- **DATA SHOWN**:
»»

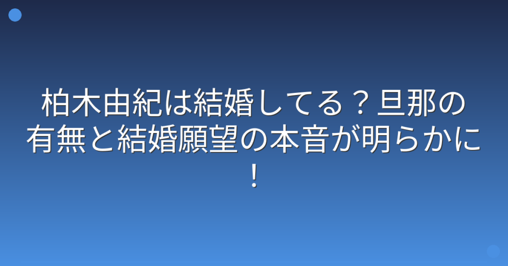 柏木由紀は結婚してる?旦那の有無と結婚願望の本音が明らかに!
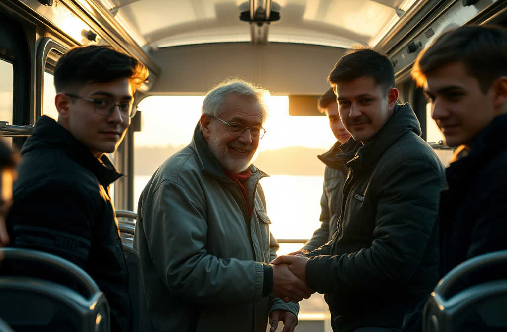 Tra chi era seduto, soli viaggiatori raccolti dal solo mezzo notturno disponibile, nessuno osò dire nulla ai ragazzi. Questi, infiammati dal vino e dallenergia giovanile, discutevano ad alta voce di conquiste e bravate, alzando la voce luno sullaltro, tra risate rozze e brindisi improvvisati. Trasformarono lultima parte del filobus in una vera osteria, risuonando le bottiglie vuote dopo ogni scoppio di risa.
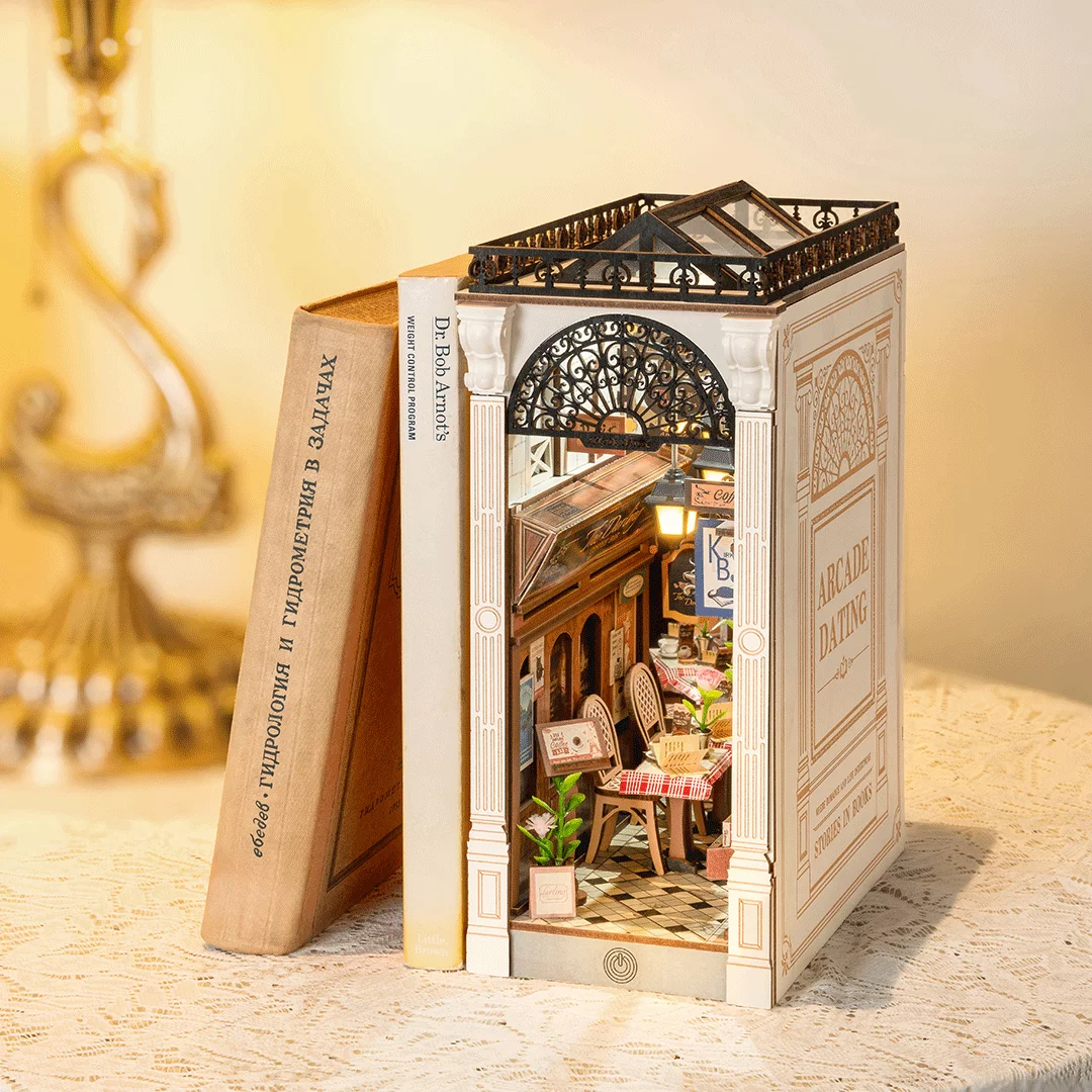 Romantická atmosféra pařížské kavárny ukrytá mezi vašimi knihami. Dřevěná stavebnice Arcade Dating promění obyčejnou poličku v okouzlující uličku s kavárnou, lampou a drobnými detaily, které vytvářejí jedinečný příběh.
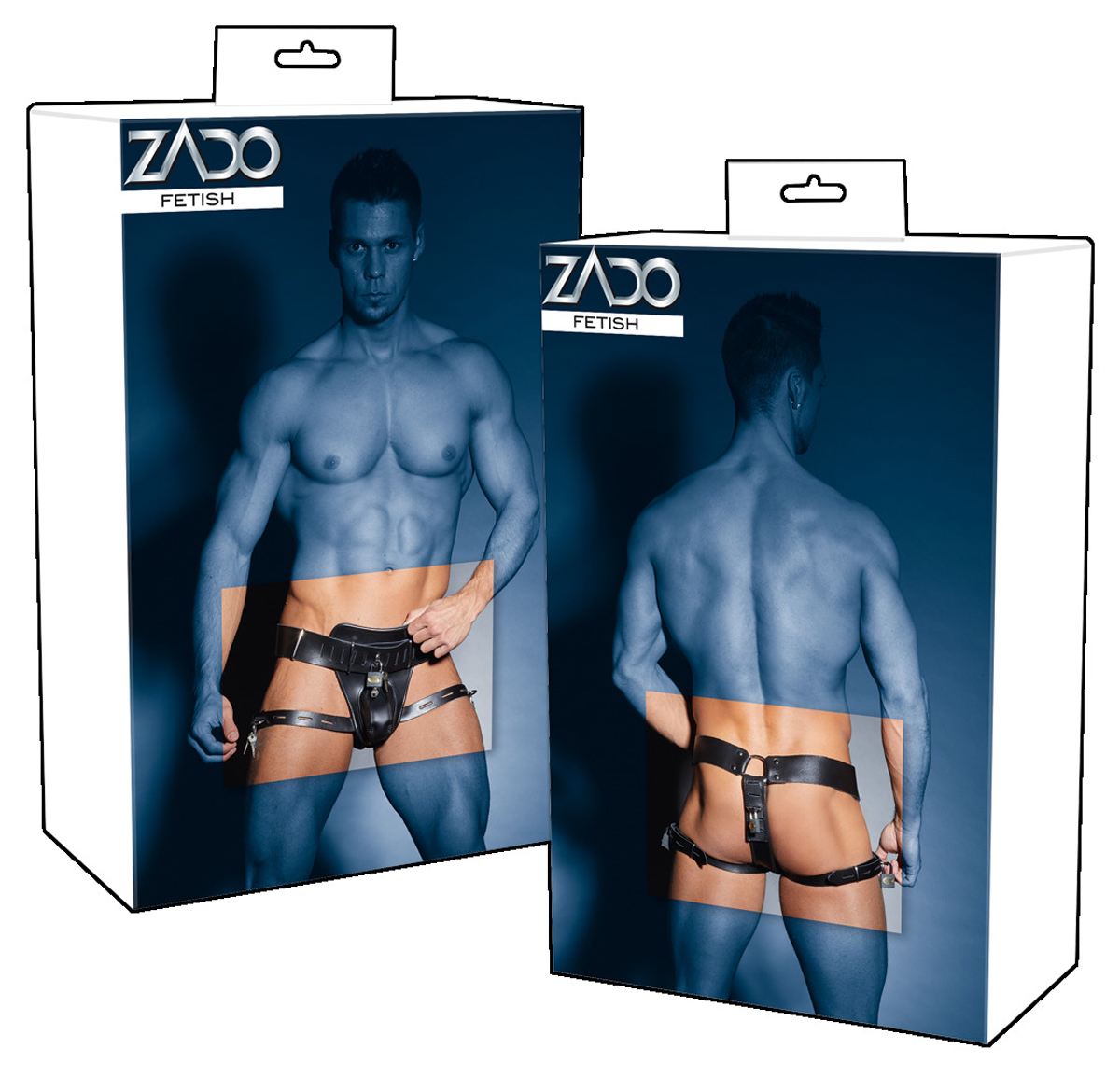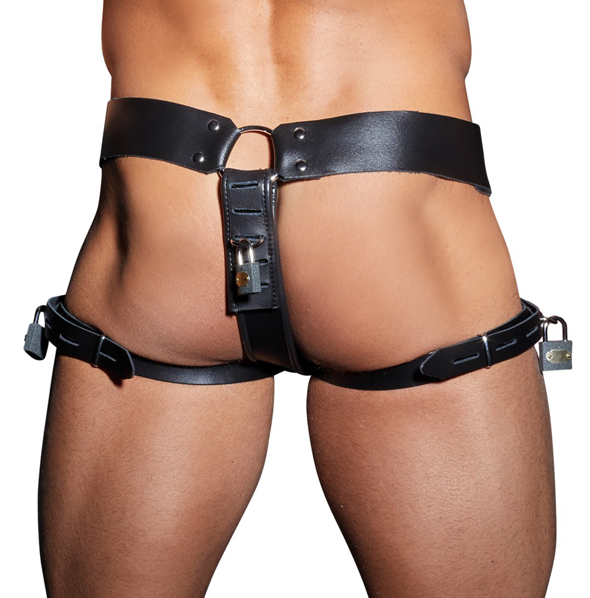Raffinierter Keuschheits-String/-Jock aus schwarzem Leder mit Vorhängeschlössern vorne, hinten und seitlich. Splatleder, Leder, Metall.
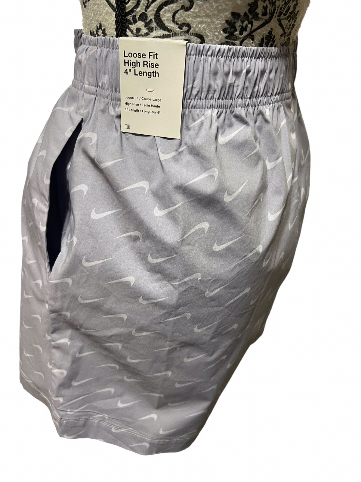 как выглядит NIKE Women s Size Medium Cotton 2 Piece Short Set Purple All Over Print New фото
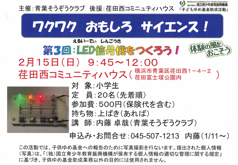 ~第3回:LED信号機をつくろう!~・・・2/15(日)開催
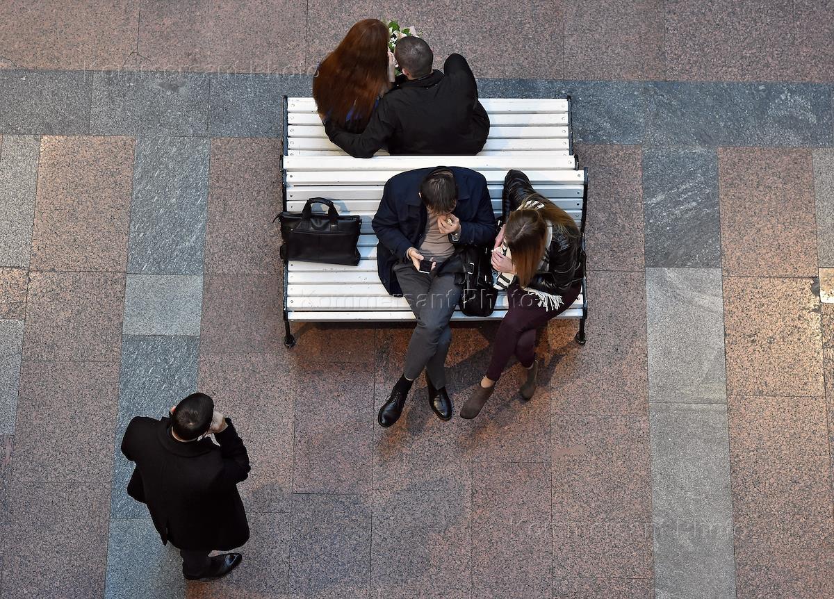 Жанровая фотография. Парочки на двойной скамейке в ГУМе.
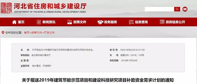 2018年10月24日,河北省住房城鄉(xiāng)建設(shè)廳辦公室印發(fā)《關(guān)于報(bào)送2019年建筑節(jié)能示范項(xiàng)目和建設(shè)科技研究項(xiàng)目補(bǔ)助資金需求計(jì)劃的通知》,指出在建筑節(jié)能示范項(xiàng)目方面,2019年省級(jí)建筑節(jié)能專(zhuān)項(xiàng)資金補(bǔ)助項(xiàng)目,原則上暫按《河北省建筑節(jié)能資金管理暫行辦法》(冀財(cái)建﹝2015﹞88號(hào))、《關(guān)于省級(jí)建筑節(jié)能專(zhuān)項(xiàng)資金使用有關(guān)問(wèn)題的通知》(冀建科﹝2017﹞34號(hào))申報(bào)。其中二星級(jí)綠色建筑運(yùn)行標(biāo)識(shí)項(xiàng)目、可再生能源建筑應(yīng)用示范項(xiàng)目(空氣源熱泵項(xiàng)目)。
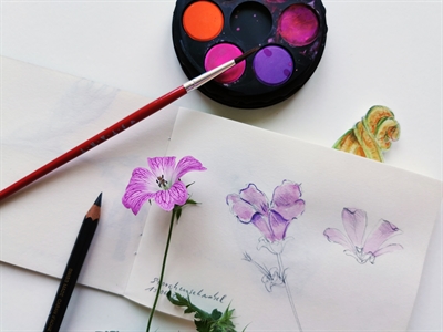 Blumen wie den Storchschnabel finden Teilnehmer:innen des Zeichenworkshops im Naturgarten des Museums am Schölerberg und verewigen sie in einem Skizzenbuch.

««

- **TASK**: Begin with the line containing "2018年10月24日,河北" and end with the last line of the entries above. Copy those lines exactly, both ends included, and drop every picture.

- **EXERCISE OUTPUT**:
 2018年10月24日,河北省住房城鄉(xiāng)建設(shè)廳辦公室印發(fā)《關(guān)于報(bào)送2019年建筑節(jié)能示范項(xiàng)目和建設(shè)科技研究項(xiàng)目補(bǔ)助資金需求計(jì)劃的通知》,指出在建筑節(jié)能示范項(xiàng)目方面,2019年省級(jí)建筑節(jié)能專(zhuān)項(xiàng)資金補(bǔ)助項(xiàng)目,原則上暫按《河北省建筑節(jié)能資金管理暫行辦法》(冀財(cái)建﹝2015﹞88號(hào))、《關(guān)于省級(jí)建筑節(jié)能專(zhuān)項(xiàng)資金使用有關(guān)問(wèn)題的通知》(冀建科﹝2017﹞34號(hào))申報(bào)。其中二星級(jí)綠色建筑運(yùn)行標(biāo)識(shí)項(xiàng)目、可再生能源建筑應(yīng)用示范項(xiàng)目(空氣源熱泵項(xiàng)目)。
 Blumen wie den Storchschnabel finden Teilnehmer:innen des Zeichenworkshops im Naturgarten des Museums am Schölerberg und verewigen sie in einem Skizzenbuch.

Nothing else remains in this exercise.